M24-141L: Learning Anatomical Consistency, Sub-volume Spatial Relationships and
Fine-grained Appearance for CT – Researchers at Arizona State University have developed a self-supervised learning approach that allows for the exploration of medical images within high-level context, spatial relationships in anatomy, and fine-grained features in anatomical structures. Called ASA, it is designed to learn anatomical consistency, sub-volume spatial relationships, and fine-grained appearance for 3D computed tomography images. This method acquires anatomical knowledge of intra-volume spatial relationships by sub-volume order prediction and volume-wise fine-grained features by volume appearance recovery. It also employs the student-teacher learning paradigm to automatically capture high-level features by optimizing the agreement between features from two spatially related crops. The framework encompasses two learning perspectives: acquiring high-level global features by optimizing the agreement between two spatially related views and acquiring sub-volume relationships and fine-grained features through sub-volume order prediction and volume appearance recovery.
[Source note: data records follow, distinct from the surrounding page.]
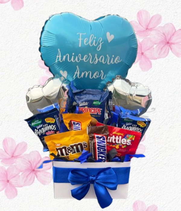 Box cuadrado regalón, en 10 golosinas a disponibilidad, 3 Globos…
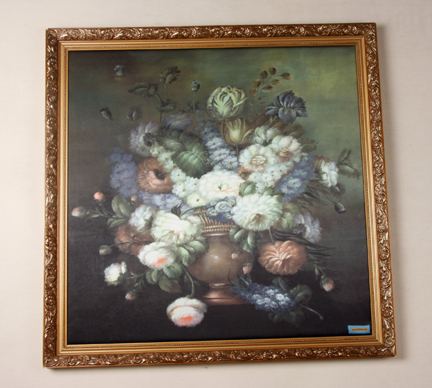 描述:此是一幅絲綢彩印畫,呈正方形,保存完好,色彩豐富,已用鏡框裝裱,表現(xiàn)了一插于花瓶中的花束,十分逼真,極具油畫效果。由杭州凱地絲綢有限公司展覽后贈(zèng)送。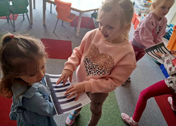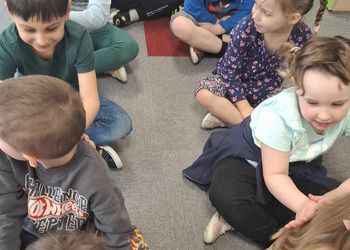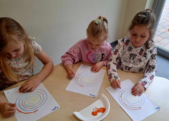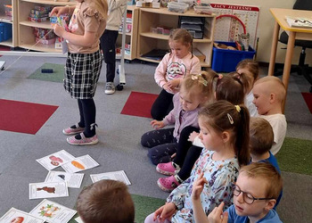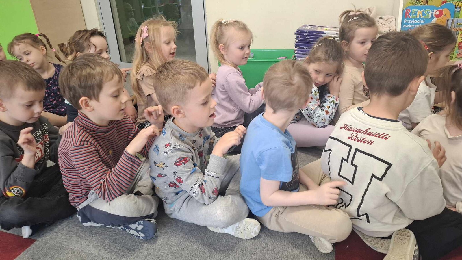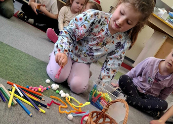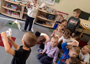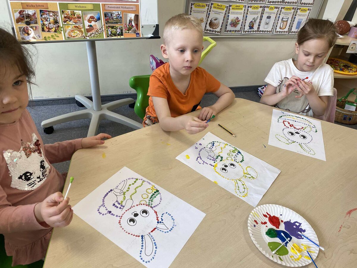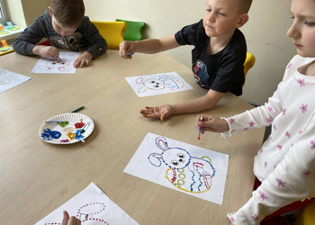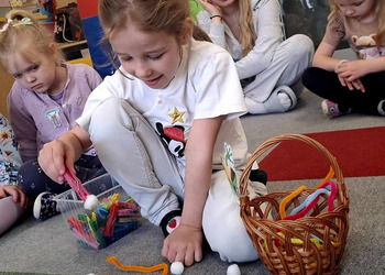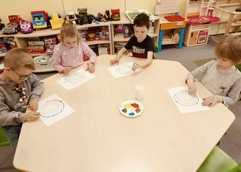 W kwietniu przedszkolaki z grup: Żabki, Krasnale, Motylki i Pszczólki zrealizowały ostatnie bloki tematyczne Innowacji „ Grafomotoryka w zabawach ukryta” a w nich: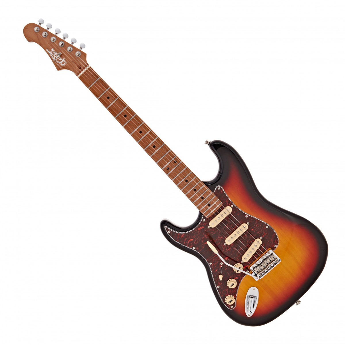 If you are looking for Guitars from JET Guitars, the JET Guitars JS-400 Roasted Maple Left Handed Sunburst is a great option. In stock, and ready to ship with fast, reliable delivery across the UK, Ireland, and Europe. For more details within Guitars, additional Electric Guitars options, full specifications, demos, images, videos, and secure online ordering, read on below. The Jet Guitars JS-400 Roasted Maple Left Handed is an approachable guitar with classy looks and exciting tones. Offering raucous punchy sounds from a bridge mounted humbucker you can cut through a mix with searing rock leads and crunchy chords. Add to that the smooth twangy clucks and honks from two single coils and the JS-400 is capable of a staggering array of tones. Its not just about the sounds though because this sleek guitar boasts a classy retro aesthetic. Presenting a basswood body thats dressed in a Sunburst finish and loaded with premium chrome hardware itll keep all eyes locked on you. Together with a rich dark roasted maple fretboard in a modern 9.5″ radius itll be hard to put this guitar down. And not only that but a bone nut and tremolo bridge ensure youll enjoy stable performances with vocal clear string vibrations. For articulate tones classic looks and a modern playability the JS-400 is the ideal choice.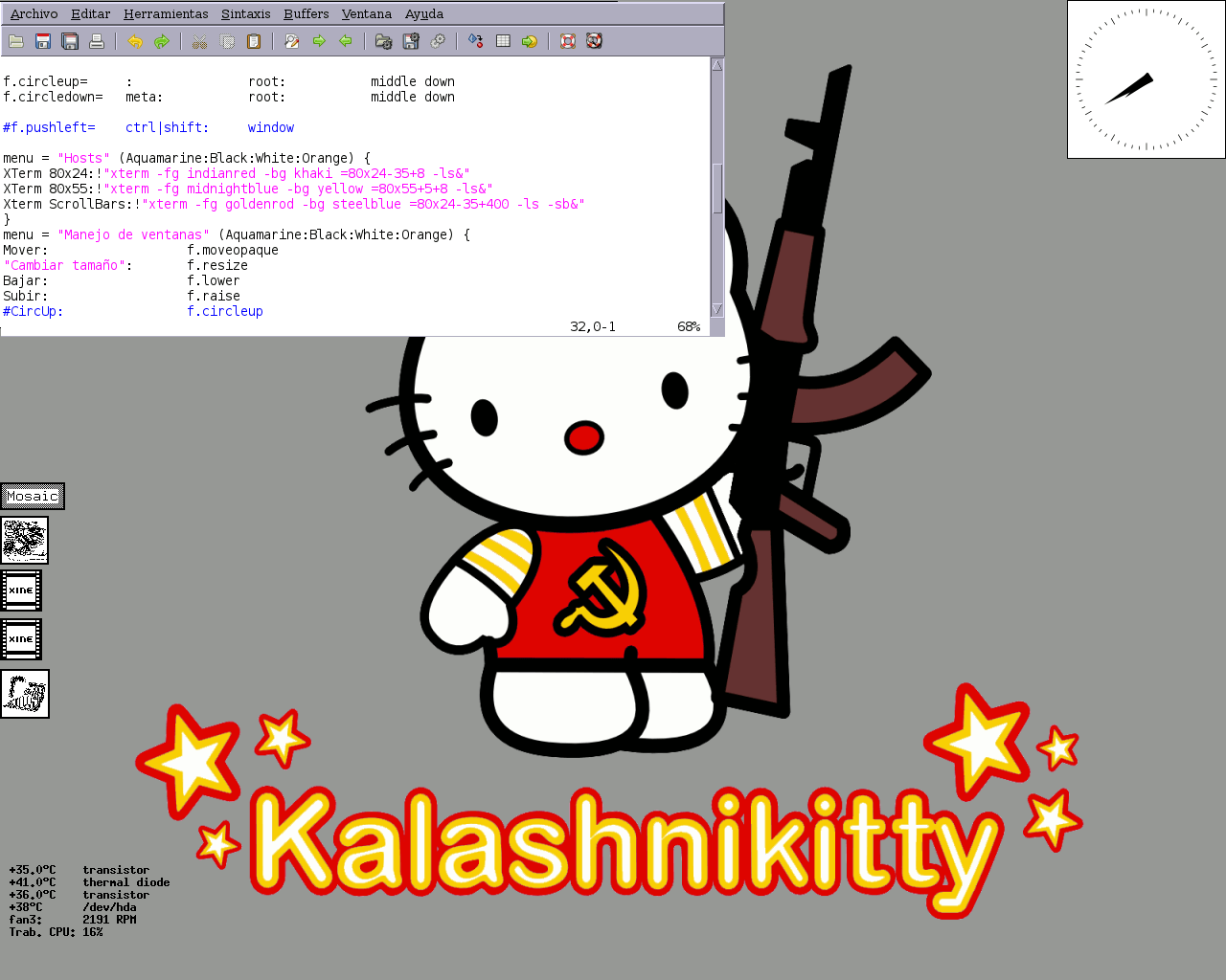 La configuración resulta bastante sencilla, y en media hora o así me preparé algo relativamente confortable. El fichero ~/.uwmrc es corto, no hay mucho que toquetear en él. Me pareció interesante comprobar que posee una sintaxis similar a la del archivo de preferencias de Twm. Considerando que dicho gestor fue una especie de descendiente evolucionado de Uwm hay poco de qué sorprenderse.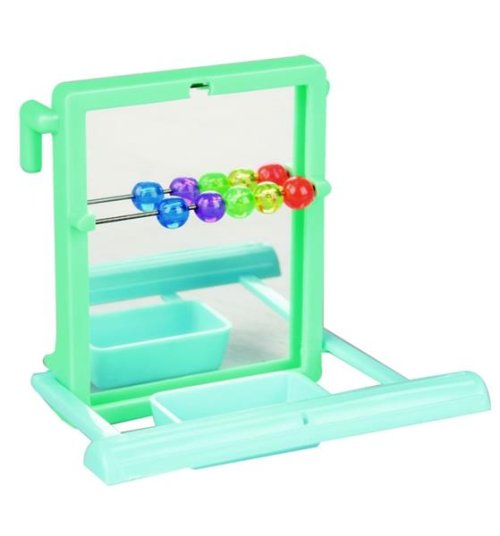Závesná plastová hračka pre papagáje - zrkadlo s bidielkom. Hračka je vhodná pre menšie typy papagájov, napr. andulky, kanáriky, atď. Jednoduché zavesenie do klietky či voliéry. Rozmery: 10 x 7 x 9 cm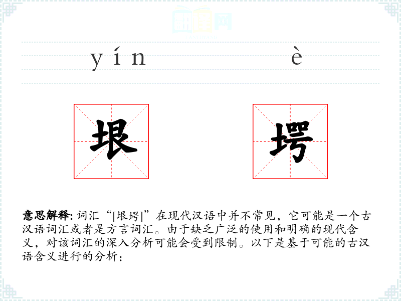 词汇“[垠堮]”在现代汉语中并不常见,它可能是一个古汉语词汇或者是方言词汇。由于缺乏广泛的使用和明确的现代含义,对该词汇的深入分析可能会受到限制。以下是基于可能的古汉语含义进行的分析:

Please see Pang – MICCAI for additional information.
 
M24-179L: Large-Scale Benchmarking and Boosting Transfer Learning for Medical Image Analysis – Researchers at Arizona State University have developed a novel approach focusing on benchmarking numerous conventional and modern convolutional neural network (ConvNet) and vision transformer architectures across various medical tasks; (ii) investigating the impact of fine-tuning data size on the performance of ConvNets compared with vision transformers in medical imaging; (iii) examining the impact of pretraining data granularity on transfer learning performance; (iv) evaluating transferability of a wide range of self-supervised methods with diverse training objectives to a variety of medical tasks across different modalities; and (v) delving into the efficacy of domain-adaptive pretraining on both photographic and medical datasets to develop high-performance models for medical tasks. This technology demonstrates higher transferability than vision transformers when fine-tuning for medical tasks and has proven to be more annotation efficient than vision transformers when fine-tuned for medical tasks.